[[ Material supplied open ]]

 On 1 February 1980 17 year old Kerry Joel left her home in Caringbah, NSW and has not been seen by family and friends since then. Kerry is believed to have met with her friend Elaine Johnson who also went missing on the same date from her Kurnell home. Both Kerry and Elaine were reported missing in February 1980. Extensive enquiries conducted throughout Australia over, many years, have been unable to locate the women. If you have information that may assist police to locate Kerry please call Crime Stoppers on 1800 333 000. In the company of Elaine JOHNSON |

[[ Material supplied closed ]]
[[ Material supplied open ]]

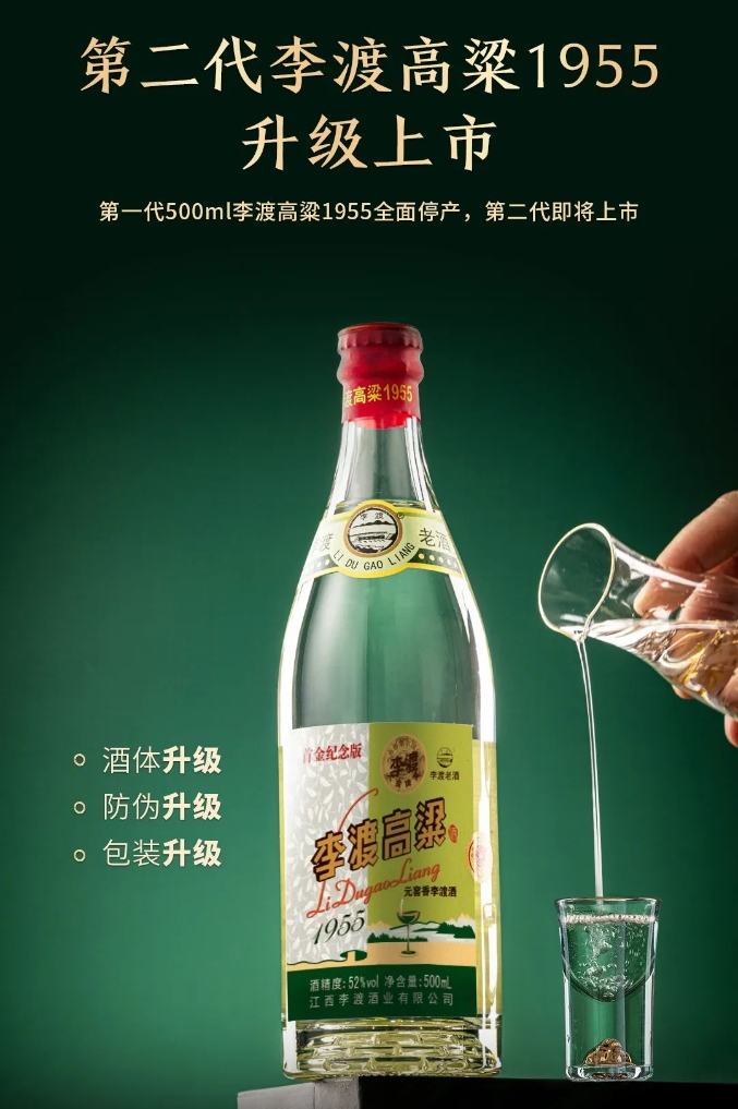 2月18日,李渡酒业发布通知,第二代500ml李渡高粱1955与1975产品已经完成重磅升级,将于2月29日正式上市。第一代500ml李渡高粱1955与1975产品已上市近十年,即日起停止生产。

[[ Material supplied closed ]]
[[ Material supplied open ]]

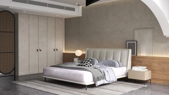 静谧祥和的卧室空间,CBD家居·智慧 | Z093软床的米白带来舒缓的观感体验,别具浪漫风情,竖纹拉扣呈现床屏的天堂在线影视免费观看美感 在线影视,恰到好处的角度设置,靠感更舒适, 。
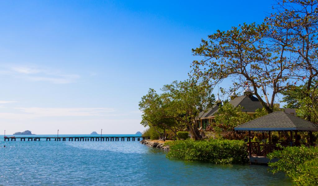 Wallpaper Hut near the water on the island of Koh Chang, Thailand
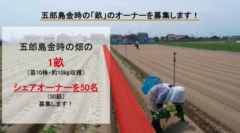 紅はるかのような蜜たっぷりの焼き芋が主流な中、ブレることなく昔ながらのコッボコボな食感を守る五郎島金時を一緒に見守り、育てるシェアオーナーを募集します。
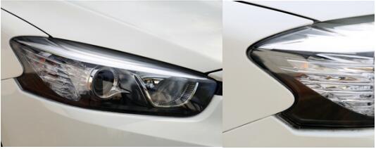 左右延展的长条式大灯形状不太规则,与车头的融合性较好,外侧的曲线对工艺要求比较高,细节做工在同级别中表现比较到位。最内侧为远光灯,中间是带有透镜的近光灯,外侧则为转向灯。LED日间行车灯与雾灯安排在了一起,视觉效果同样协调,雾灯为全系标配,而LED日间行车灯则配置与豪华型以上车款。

[[ Material supplied closed ]]

• _How to complete this task_:
Give back exactly, and solely, the section of the data above bounded by the line containing "Wallpaper Hut near" and the line containing "紅はるかのような蜜たっぷりの", both bounding lines included and pictures omitted.

• _Finished task_:
 Wallpaper Hut near the water on the island of Koh Chang, Thailand
 紅はるかのような蜜たっぷりの焼き芋が主流な中、ブレることなく昔ながらのコッボコボな食感を守る五郎島金時を一緒に見守り、育てるシェアオーナーを募集します。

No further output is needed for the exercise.